The Mega Man Legacy Collection includes the first six Mega Man titles, all of which are greatly admired and remembered. Here they return in all their original glory, despite a subtle crispness added to the sprites these are precisely the same games that shipped all those years ago. This includes bugs, instances of slow-down, screen transitions and general oddities. The collection is running on a new engine that houses the original code completely intact and unaltered, a move that for lesser games would prove risky, potentially alienating new comers and disappointing returning veterans blinded by nostalgia, but with Mega Man’s timelessness this simply reinforces their quality.

However, the new engines does add some new tricks better suited to modern players. With the press of a button a menu screen appears allowing you to remap the controller, switch between widescreen and the original aspect ratio, as well as add CRT filters to really emulate the games’ original forms. However, the key addition is the ability to save anywhere and reload from that point. Each title offers up a stiff challenge that takes practise and patients to master, the ability to save and reload rather than lose precious lives and continues is a wonderful addition as well as a relief.

Mega Man Legacy 2

Additionally each title has a collection of concept art you can peruse, as well as a juke box of all the iconic chip-tunes from the series; it’s a real celebration of the Mega Man brand. Leaderboards and replays are also present, allowing you to compete against friends and foes for best completion times, as well as witness the playthrough themselves via the replay feature. Finally, a comprehensive set of challenges are also available that pit you against a timer and/or a finite set of lives as you work your way through different levels from each of the games strung together under a theme. It’s overflowing with content.

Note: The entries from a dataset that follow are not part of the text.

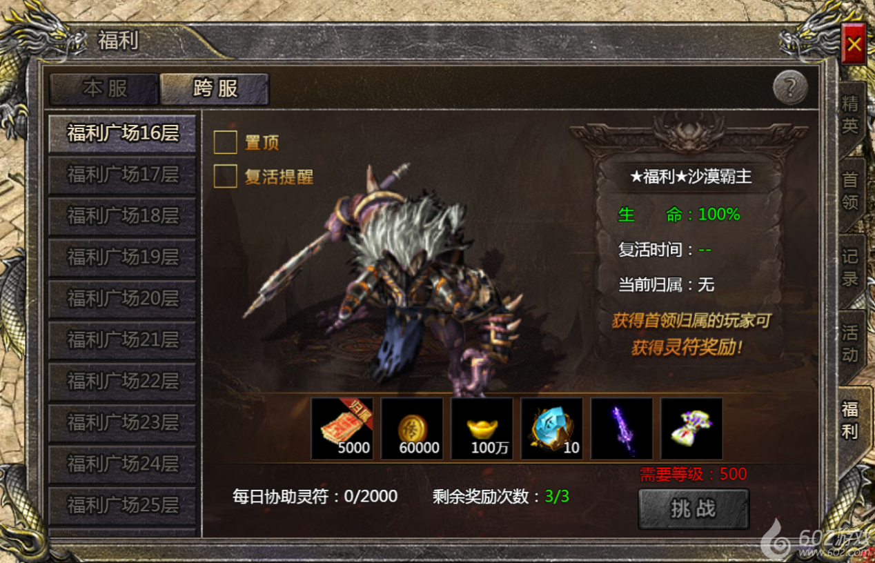 1.3玩家可以与跨服玩家共同挑战福利广场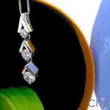 Three stone pendant, the bottom stone is 0.50 carat diamond quality cubic zirconia and gradually gets smaller .18 inch 14k white gold chain included.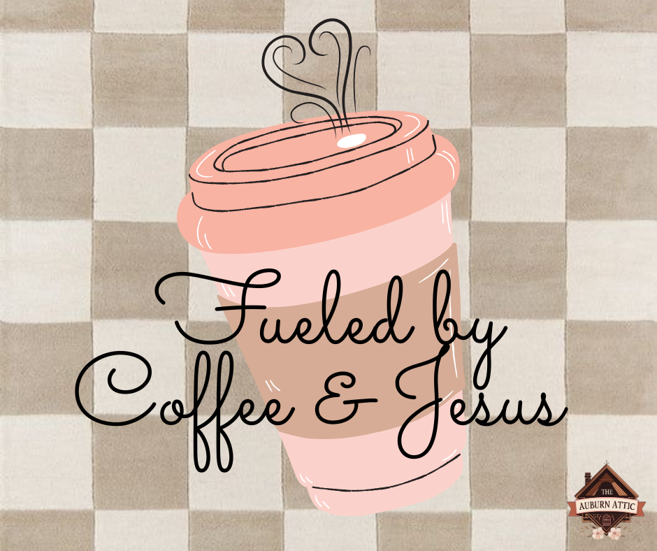 Perk up your social media posts, desktop or workspace with our charming 'Fueled By Coffee And Jesus' wallpaper or printable! This delightful design features a cute pink coffee cup, brimming with your daily dose of motivation. Set against a chic beige checkered background, it's a gentle reminder of the two things that keep you going - your faith and your caffeine! Remember, with coffee in one hand and faith in the other, you're unstoppable!"

Indeed this collection is a testament to Mega Man. The quality of the level design, the platforming and combat, the catchy chip-tunes and the charming 8bit visuals, alongside the title’s bugs, glitches and oddities all perfectly preserved, make this a collection any fan must own. New comers are in for a stiff challenge but also a fascinating look at a bygone era of gaming that set the scene for many of today’s greats. Certainly they’ll be some put off by the difficulty, and some may question the reasoning behind keeping elements such as the slow-down when things get hectic, but it’s precisely these things that make Mega Man the experience that it is, Capcom clearly respect the original games and their fan base, resulting a wonderful collection of superb platformers.